Each line below from the line with "我家老爷终于换车了,这次换了" to the line with "Kompressormatad High Pressure" must be copied exactly, including those two, and no picture may appear in the copy.

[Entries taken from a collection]
§ §

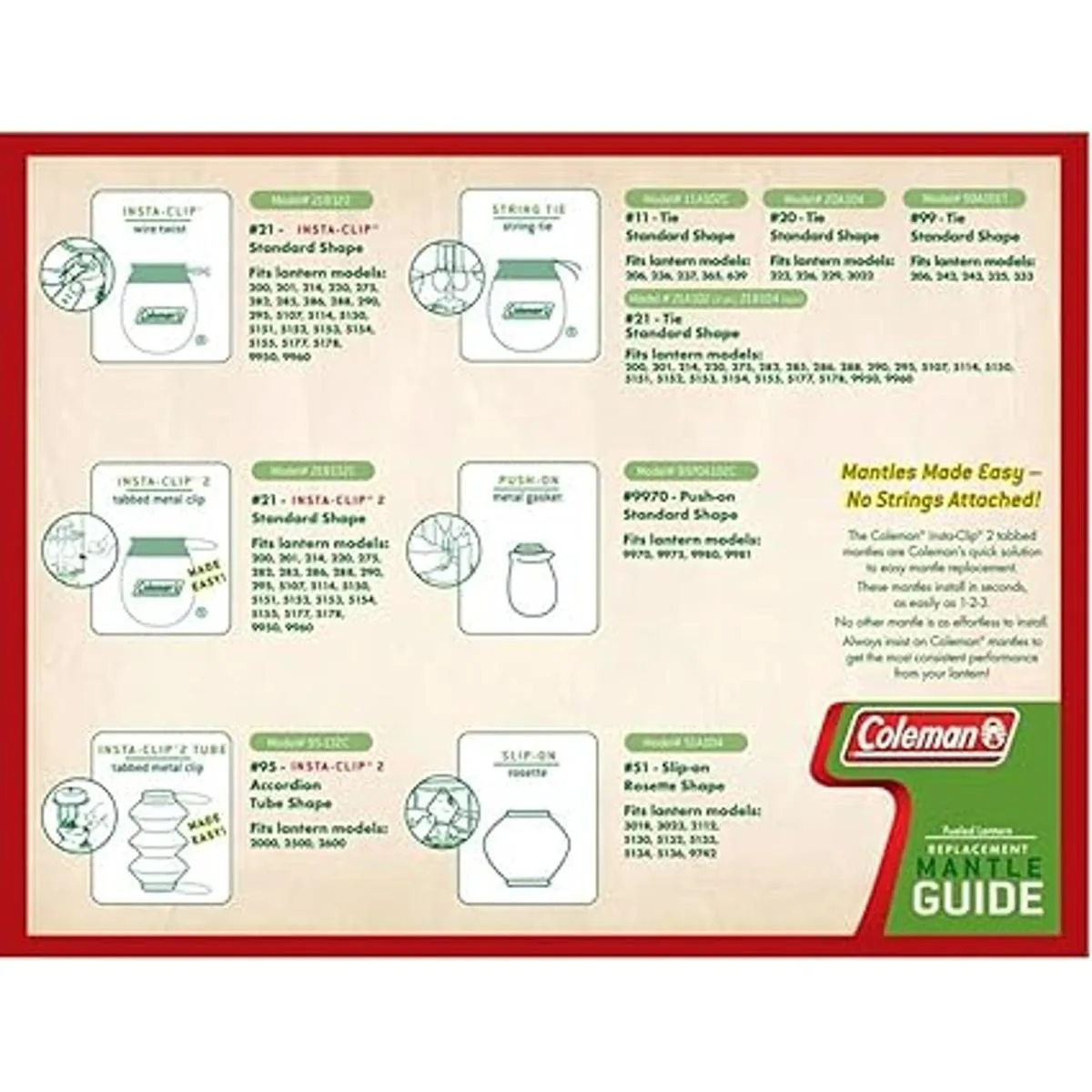 Coleman 95 InstaClip Accordion Shape Mantle 2 paquetes de 2 4 manteles totales
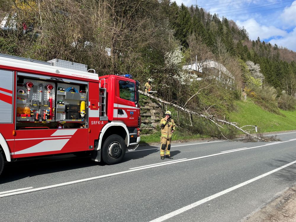 Zu zwei Einsätzen gleichzeitig wurde die Feuerwehr Golling am Ostersonntag alarmiert. Aufgrund des starken Windes stürzte ein Baum auf die Bundesstraße B162, parallel dazu musste eine Person aus einem öffentlichen WC befreit werden.
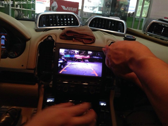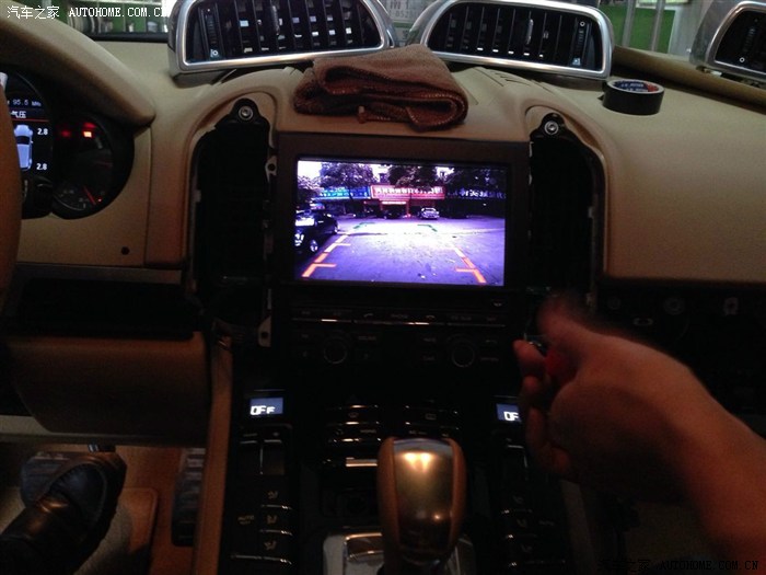 我家老爷终于换车了,这次换了个高大上,传说中的卡宴。搞了个低配的,不过已经够用了,老爷子其他都没什么要求,就是要搞个倒车影像上去,不是开的不踏实啊,之前的车上这个设备也是没少过的,也许是习惯了吧,老人家看不见后面,他开的不踏实啊。好,这任务交给我了,我也顺便过把高大上的瘾。改装那简单啦,之前给我改三系的地,问了下搞卡宴也没问题,能加导航和倒车,但是低配好像是不带轨迹,那倒不是什么大问题,能看见就好了,安装好像还不简单,搞了3个小时才全部搞定。
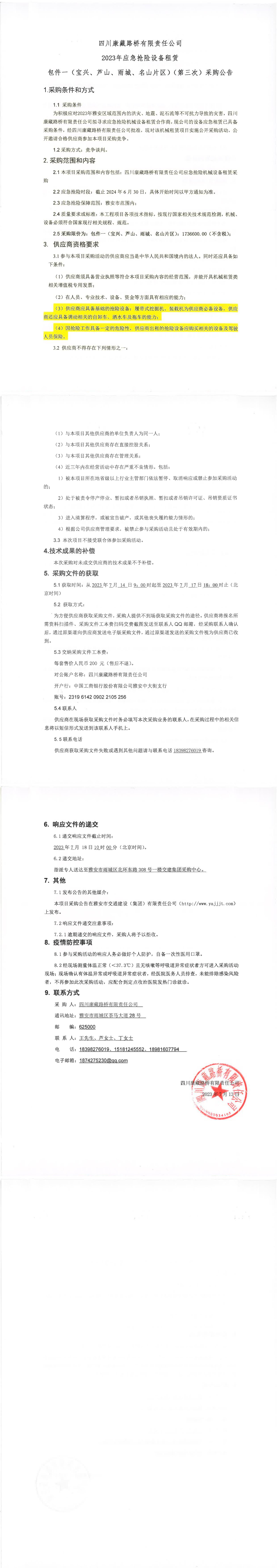 四川康藏路橋有限責(zé)任公司2023年應(yīng)急搶險(xiǎn)設(shè)備租賃包件一(寶興、蘆山、雨城、名山片區(qū))(第三次)采購(gòu)公告
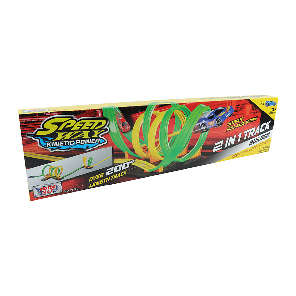 Игровой набор состоит из дорожки с вертикальными кольцами и двух машинок.
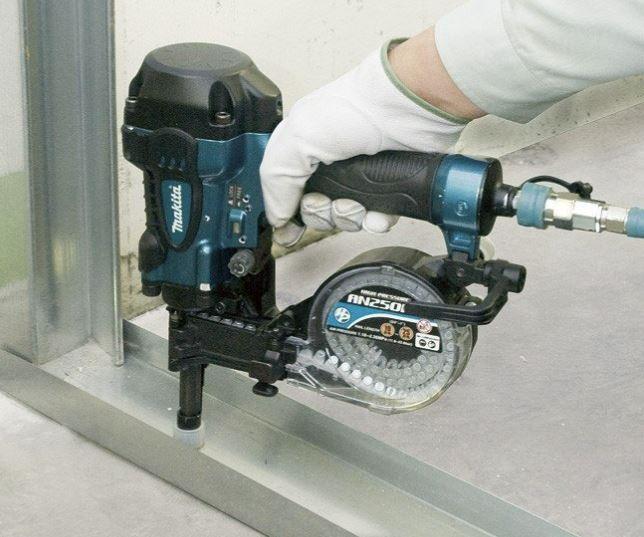 Kompressormatad High Pressure spikpistol som är specialutvecklad till montering i material i betong såsom gipsskenor mm. Lätt och händig maskin med stor slagkraft. Gummigrepp för hög ergonomi. Smal näsa – endast 19 mm. Gummikanter skyddar mot repor och skador. Roterbar bälteskrok.
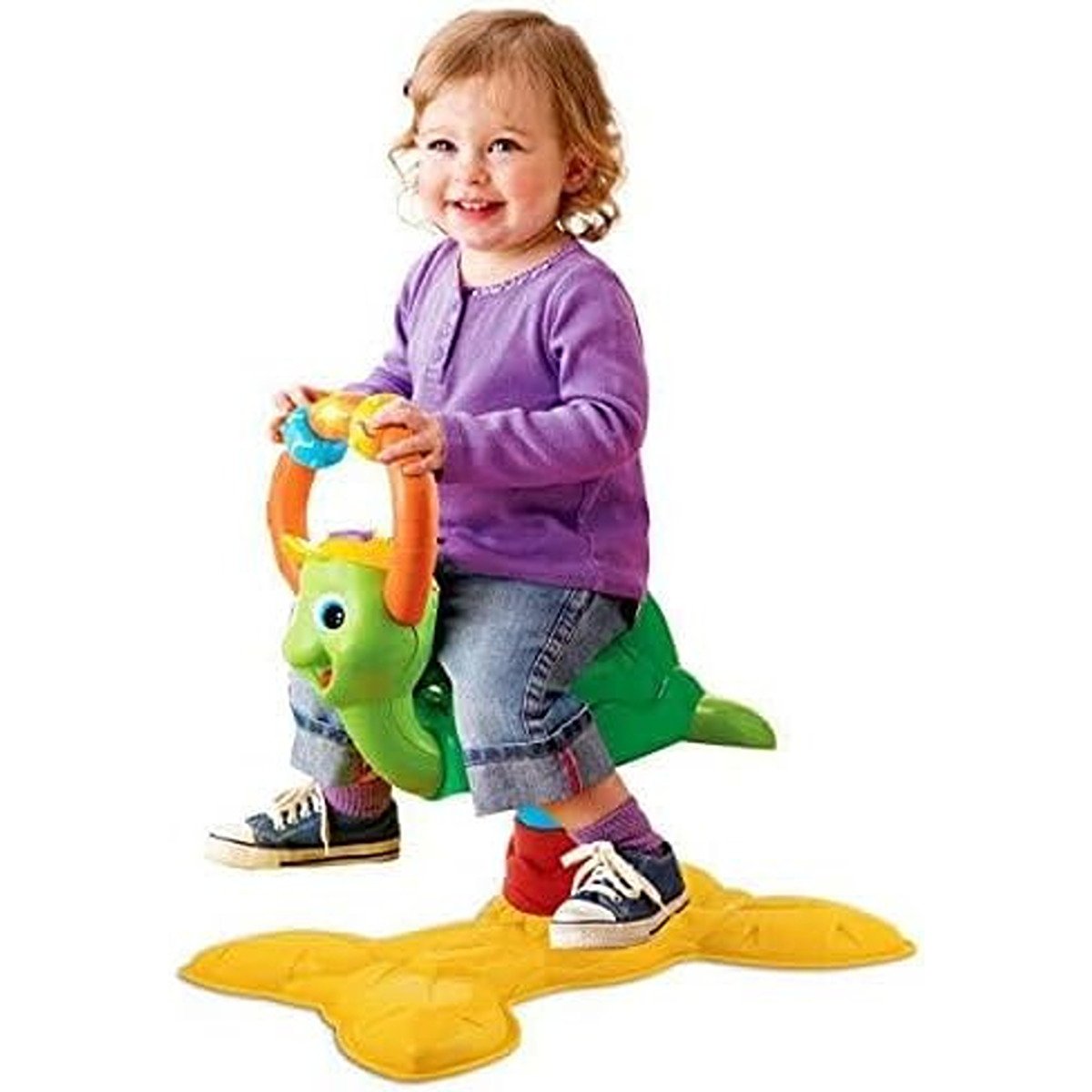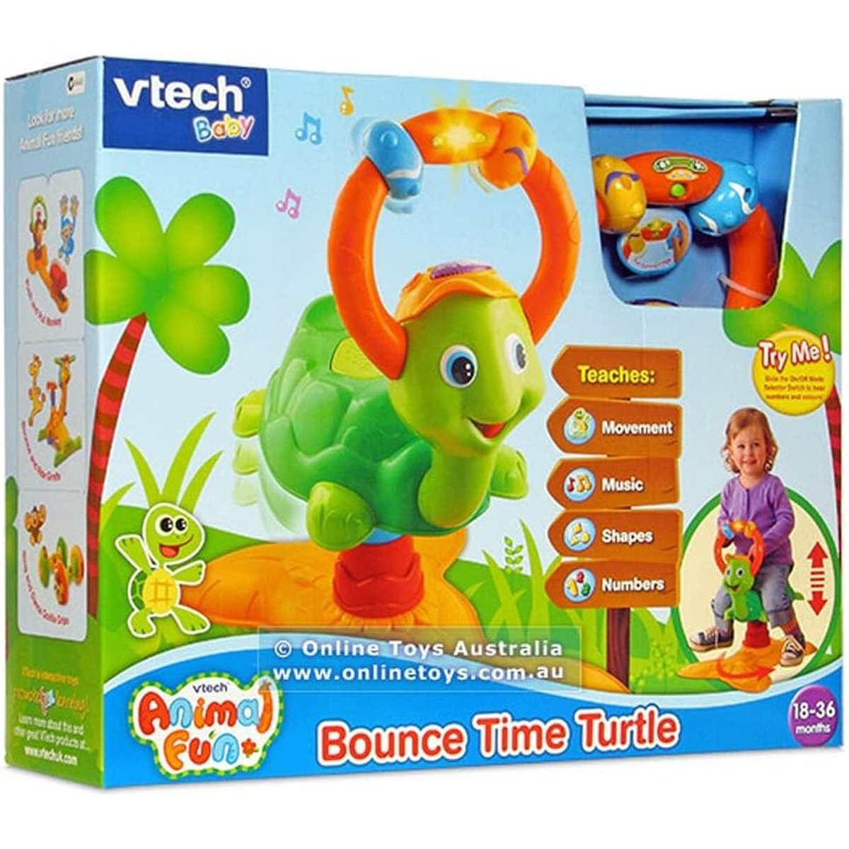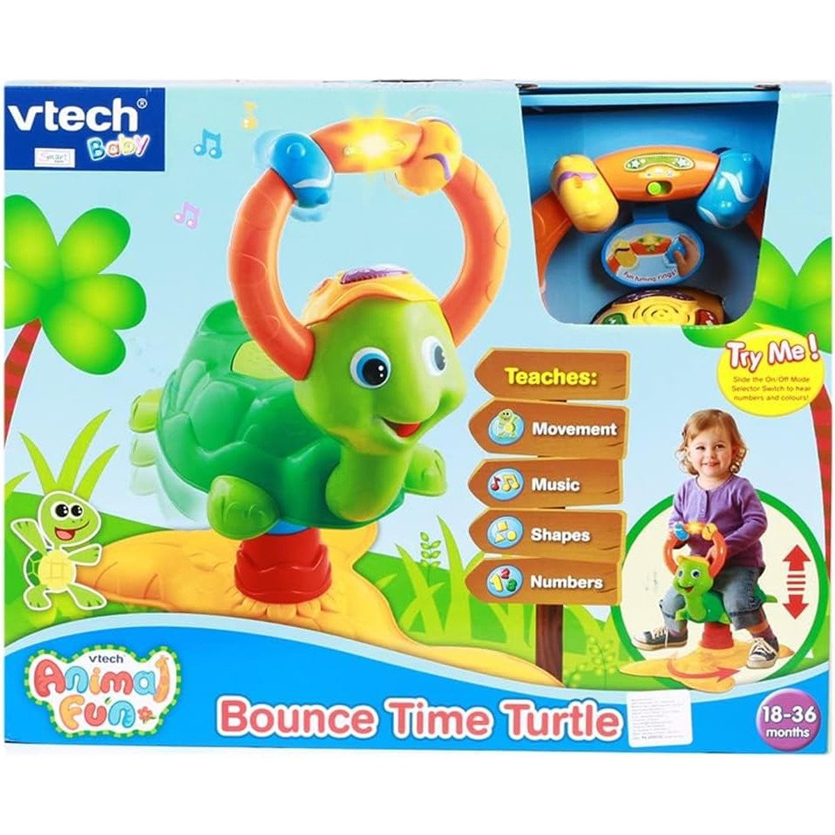 The Bounce Time Turtle will keep your toddler guessing as they are asked to find colours, numbers and shapes by bouncing! Fun phrases and questions encourage your toddler to keep bouncing and finding fun new words and melodies. With fun sing-along songs, 2 modes of play, 3 light-up push buttons and 2 turning rings this bouncing character will keep your toddler learning and moving? Bouncer design develops gross motor skills.

§ §

▶ Reply
 我家老爷终于换车了,这次换了个高大上,传说中的卡宴。搞了个低配的,不过已经够用了,老爷子其他都没什么要求,就是要搞个倒车影像上去,不是开的不踏实啊,之前的车上这个设备也是没少过的,也许是习惯了吧,老人家看不见后面,他开的不踏实啊。好,这任务交给我了,我也顺便过把高大上的瘾。改装那简单啦,之前给我改三系的地,问了下搞卡宴也没问题,能加导航和倒车,但是低配好像是不带轨迹,那倒不是什么大问题,能看见就好了,安装好像还不简单,搞了3个小时才全部搞定。
 四川康藏路橋有限責(zé)任公司2023年應(yīng)急搶險(xiǎn)設(shè)備租賃包件一(寶興、蘆山、雨城、名山片區(qū))(第三次)采購(gòu)公告
 Игровой набор состоит из дорожки с вертикальными кольцами и двух машинок.
 Kompressormatad High Pressure spikpistol som är specialutvecklad till montering i material i betong såsom gipsskenor mm. Lätt och händig maskin med stor slagkraft. Gummigrepp för hög ergonomi. Smal näsa – endast 19 mm. Gummikanter skyddar mot repor och skador. Roterbar bälteskrok.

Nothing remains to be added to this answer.